Exercise brief: After locating the line that contains "U tih godinu", quote it and all lines after it through the end of the entries, and nothing more. Pictures stay out.

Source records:
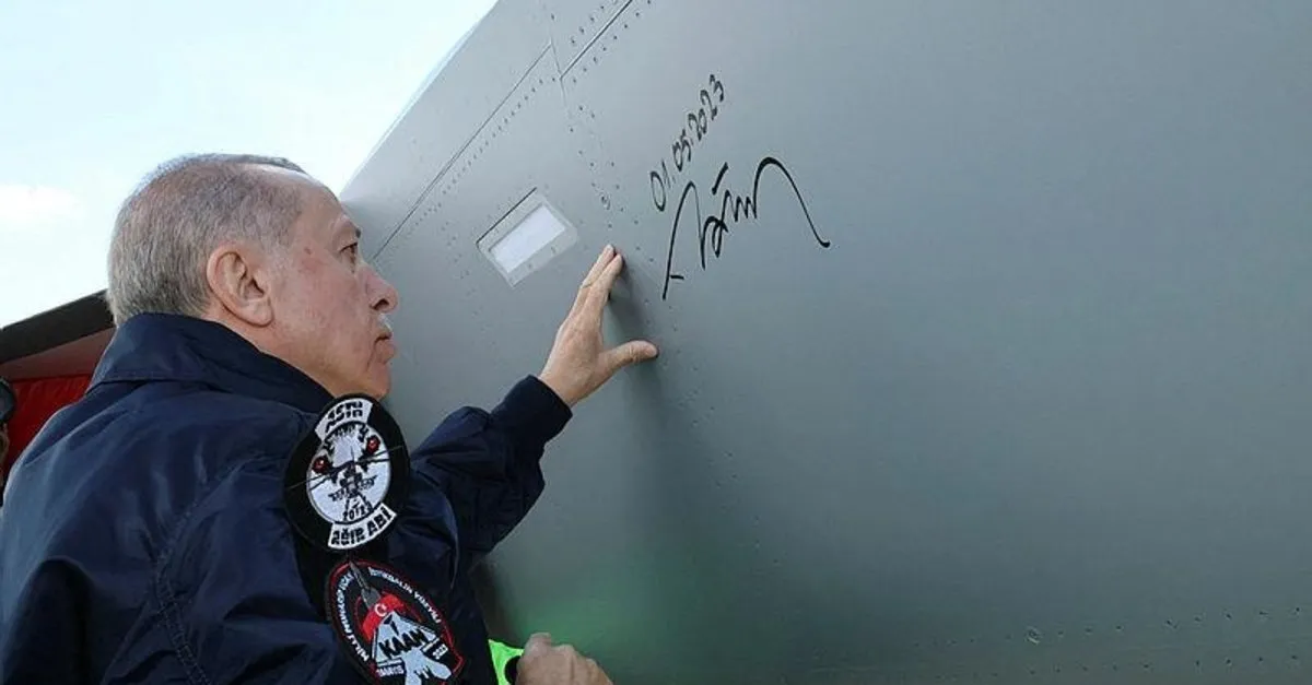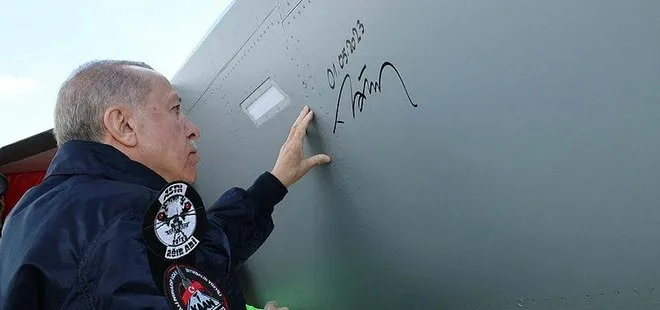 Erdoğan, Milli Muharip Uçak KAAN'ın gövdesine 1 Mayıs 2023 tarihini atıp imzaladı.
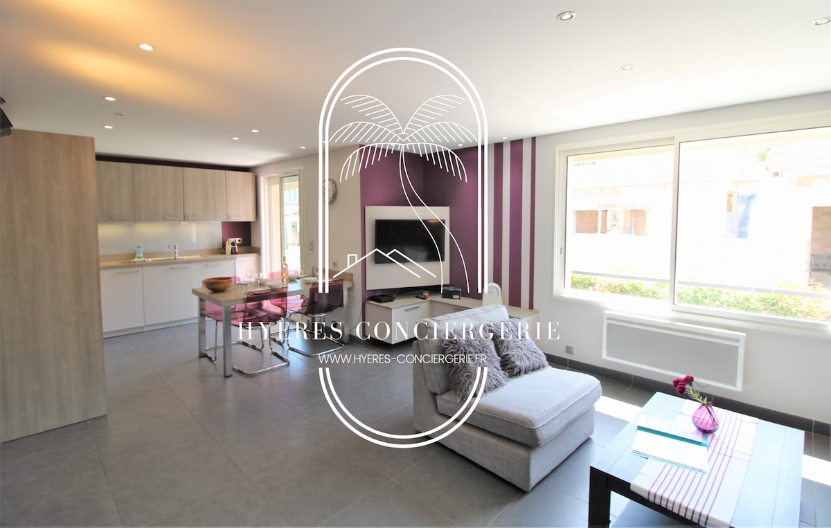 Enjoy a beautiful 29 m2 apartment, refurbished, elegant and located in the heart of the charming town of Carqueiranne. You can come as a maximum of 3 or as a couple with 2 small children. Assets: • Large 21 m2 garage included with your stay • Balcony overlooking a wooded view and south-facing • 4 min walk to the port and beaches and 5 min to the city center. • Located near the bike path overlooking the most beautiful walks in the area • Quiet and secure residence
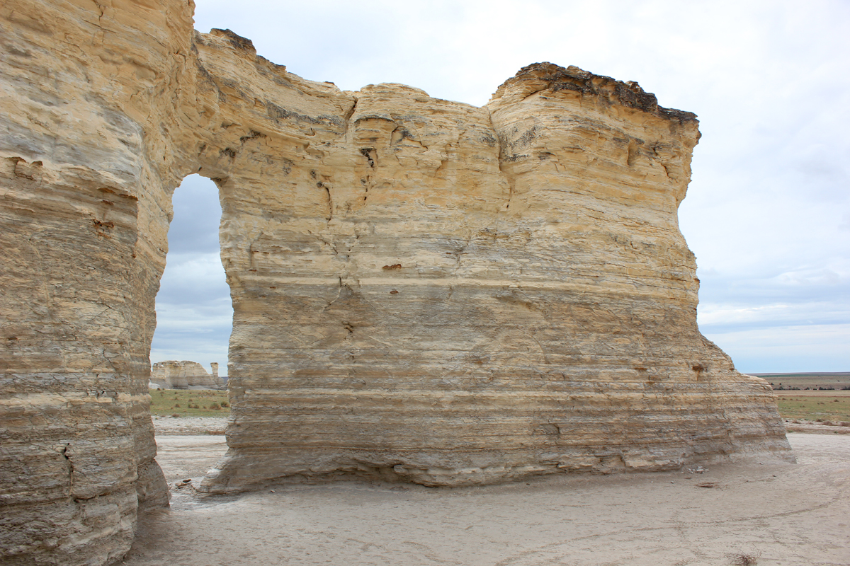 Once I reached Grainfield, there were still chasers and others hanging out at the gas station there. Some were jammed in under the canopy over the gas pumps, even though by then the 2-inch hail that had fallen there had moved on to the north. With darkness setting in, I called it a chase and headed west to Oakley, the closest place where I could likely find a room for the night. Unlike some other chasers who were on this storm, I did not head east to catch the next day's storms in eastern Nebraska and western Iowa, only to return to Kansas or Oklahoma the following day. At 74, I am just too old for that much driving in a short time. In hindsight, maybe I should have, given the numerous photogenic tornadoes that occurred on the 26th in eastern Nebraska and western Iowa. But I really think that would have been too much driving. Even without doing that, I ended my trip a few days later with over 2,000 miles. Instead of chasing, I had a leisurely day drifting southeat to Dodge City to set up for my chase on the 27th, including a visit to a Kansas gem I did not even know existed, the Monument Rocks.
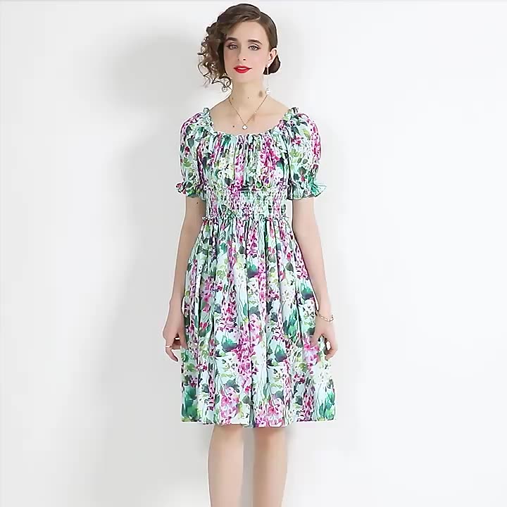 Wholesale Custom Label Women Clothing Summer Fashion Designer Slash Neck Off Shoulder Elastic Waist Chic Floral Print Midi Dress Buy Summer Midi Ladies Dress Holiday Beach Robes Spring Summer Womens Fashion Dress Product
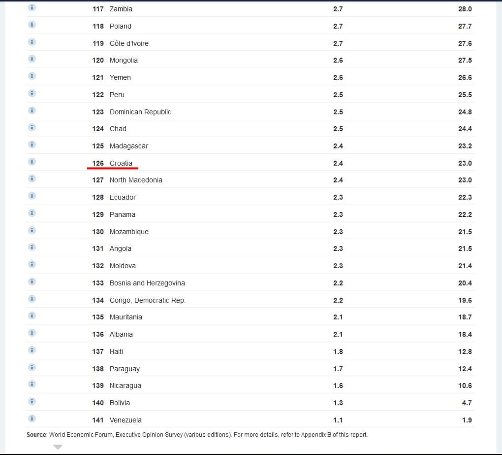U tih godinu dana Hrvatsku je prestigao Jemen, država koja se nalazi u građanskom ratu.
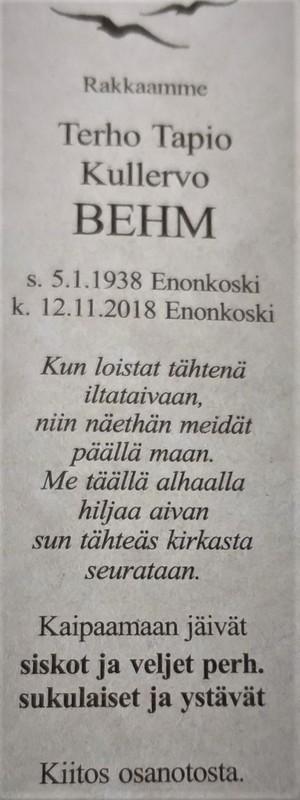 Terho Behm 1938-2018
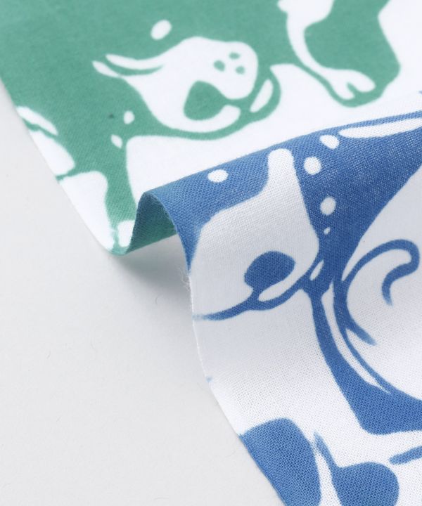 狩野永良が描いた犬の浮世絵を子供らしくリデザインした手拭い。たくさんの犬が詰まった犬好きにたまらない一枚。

Your solution:
U tih godinu dana Hrvatsku je prestigao Jemen, država koja se nalazi u građanskom ratu.
 Terho Behm 1938-2018
 狩野永良が描いた犬の浮世絵を子供らしくリデザインした手拭い。たくさんの犬が詰まった犬好きにたまらない一枚。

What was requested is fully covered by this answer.